As a community development educator with Kenosha County University of Wisconsin-Extension, I am often asked, “But Amy, what do you do?… What does a community development educator actually do?” I aptly reply, “Well, how much time do I have? ”
It is not simple to explain (not like saying “I’m a firefighter”) but it is a dream job to me. Here’s my attempt to put it in plain language.
You see, just because we have multitudes of individuals (professionals, tradesmen, laborers, students, youth, seniors, parents) and organizations (private sector, public sector, non-profit, philanthropic) in Kenosha County — and I work with all of these — most often I see that these individuals and organizations need assistance working together.
Particularly, they need assistance from “the outside” (ie. UW-Extension) when they see a need and want to address it but are spinning their wheels.
Most times my work is a matter of “weaving” together people with knowledge and resources, helping individuals and groups articulate shared goals and (the hardest part of all) demonstrating shared measures of success.
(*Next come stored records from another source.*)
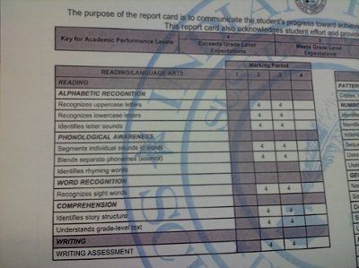 My son is in Kindergarten, he's 6 yo. The past two report cards have been great academically but his classroom behavior is not. They are graded on both. I'm at a loss of whether or not I should punish him. He exceptionally smart and this shows it so it's not like I can punish him for "bad grades" but as you see he has a lot of "N"s in the characteristics section. I had a long talk with him about it and he was very teary-eyed and upset about it. I grounded him from his Wii, which he just got a new game for so it's killing him to not be able to play it. I'm just at a loss of what I should do. He's a very hyper boy with a lot of energy, and his teacher does have a lot of patience for him.
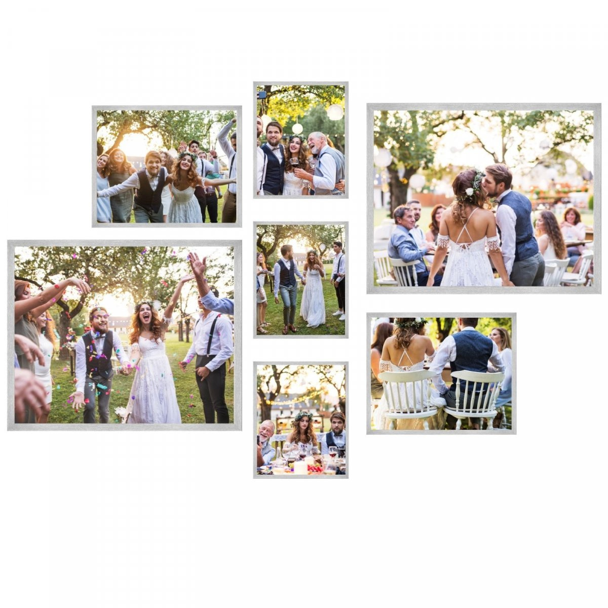 SET aus silbernen Galerie-Fotorahmen von Multirama – 7 Stück + Vorlage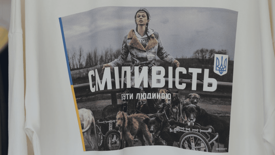 Для принтов широко использовали самые разные фото. Особенно известной стала футболка на которой фотография волонтерши, которая вывозила из Ирпеня собак с инвалидностью. Автор этого фото американец Кристофер Окиоке.

Still not sure what I mean?
I most often start engaging individuals and groups by building relationships. I see that deepening between people within groups — and people across groups is where the power lies. With authentic connections and this term “bonding capital,” individuals and groups can then work to purposes.
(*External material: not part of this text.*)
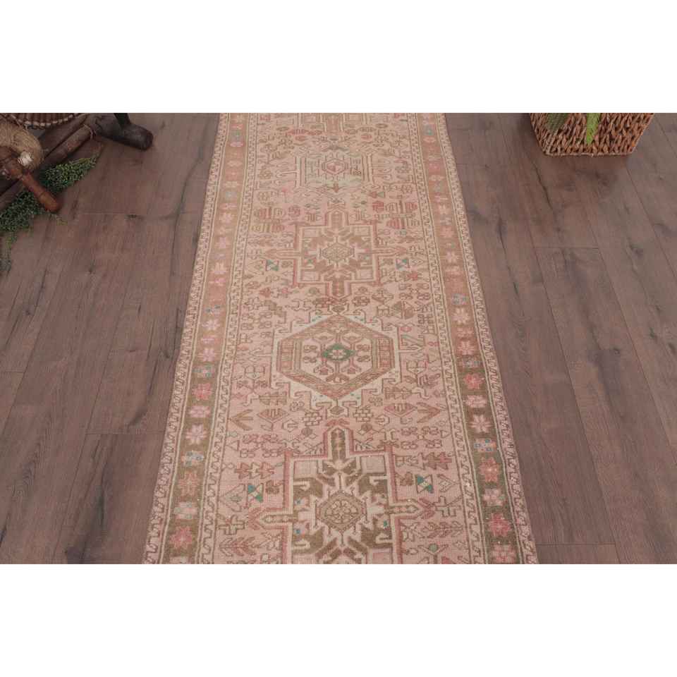 Alfombra Oriental Vintage de Lana Rosa Turca de 2.6x9.1 pies, Diseño de Patchwork Ecológico con Respaldo de Látex

I do this by asking questions through individual meetings and group meetings (that’s probably why you see me so much at Buzz Café) and checking for agreement among the many folks involved. Meanwhile, I take time to engage in ongoing stakeholder analysis — who else needs to be considered? Whose voices are not included — and should be?
After finding some alignment of shared purpose, then we move on to production,achieving intended outcomes and positive impacts and — if we are really lucky and want to be a little lofty in our aims — community transformation.
This C-A-P process lies at the heart of community development: connect, align, produce. And, fortunately, this simple formula is a cyclical process. I lead people and groups through the cycle (deeper connection, deeper alignment, deeper production) again and again until they have the gist and I am no longer required.
“Community” does not just happen, it has to be continuously nurtured and strengthened because day by day the forces of busy life such as competing demands, constrained resources and a heck of a lot of stress tend to wear down, or prevent altogether strong bonds from developing between people and organizations.
It takes constant maintenance to develop “community.”
Thank you to the visionary leadership of Wisconsin people, like you readers, who allow me to do this community development work every day in Kenosha County by continuing to invest in UW-Extension.